Segment Open
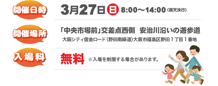 協力: なにわあきんど塾同友会/福島区地域振興会野田連合町会/ 福島区食生活改善推進員協議会/京阪電気鉄道(株) ほか
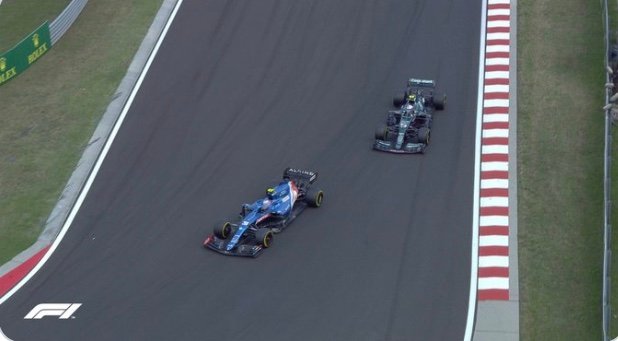 Une seule voiture, celle de Lewis Hamilton, s’alignait finalement sur la grille avec les pneumatiques intermédiaires, Esteban et Fernando optant pour les slicks, imités par le reste du plateau.Les deux voitures ont évité tout contact au redémarrage et Esteban a immédiatement pris la tête de la course alors que Lewis Hamilton … s’arrêtait, lui, pour passer les slicks !Le Français s’installait très rapidement dans son rythme, talonné par l’Aston Martin de Sebastian Vettel. Puis, l’Allemand était appelé aux stands un tour plus tôt qu’Esteban, qui évitait à son retour en piste, l’undercut et conservait ainsi la tête, grâce à un arrêt parfait de l’équipe Alpine.
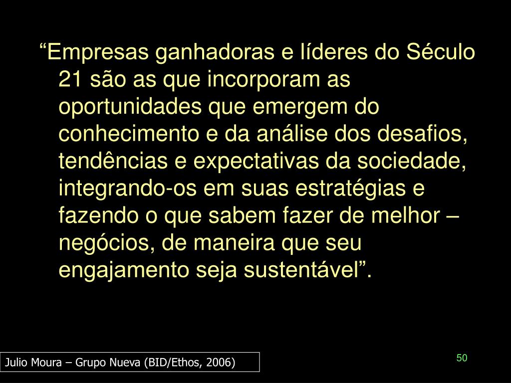 “Empresas ganhadoras e líderes do Século 21 são as que incorporam as oportunidades que emergem do conhecimento e da análise dos desafios, tendências e expectativas da sociedade, integrando-os em suas estratégias e fazendo o que sabem fazer de melhor – negócios, de maneira que seu engajamento seja sustentável”. Julio Moura – Grupo Nueva (BID/Ethos, 2006)
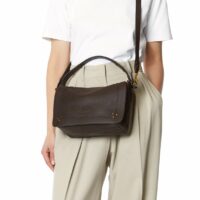 Sac bandoulière, à porter à l'épaule, en croisé ou à la main. Anse en cuir matelassé et bandoulière réglable et amovible. La fermeture se fait par un rabat en cuir aimanté, orné de joncs piqués. Un design épure, aux nombreux détails artisanaux minutieux et discrets et aux lignes déstructurées. Le travail de précision sur les quatre piqûres des anses met en valeur la qualité et le soin apportés à chaque détail. Les enchapes de la bandoulière et des anses présentent un relief évoquant les harnais d'équitation, ajoutant une touche d'élégance et de tradition.
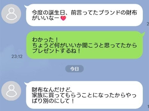 「財布、もう買ったんだけど…」友人の“プレゼント変更LINE”に絶句
Segment Closed
◆ What is required ◆
Starting at the line that holds "Sac bandoulière, à", write out every remaining line of the material above exactly as it appears. Pictures should not be copied.

◆ Answer box ◆
 Sac bandoulière, à porter à l'épaule, en croisé ou à la main. Anse en cuir matelassé et bandoulière réglable et amovible. La fermeture se fait par un rabat en cuir aimanté, orné de joncs piqués. Un design épure, aux nombreux détails artisanaux minutieux et discrets et aux lignes déstructurées. Le travail de précision sur les quatre piqûres des anses met en valeur la qualité et le soin apportés à chaque détail. Les enchapes de la bandoulière et des anses présentent un relief évoquant les harnais d'équitation, ajoutant une touche d'élégance et de tradition.
 「財布、もう買ったんだけど…」友人の“プレゼント変更LINE”に絶句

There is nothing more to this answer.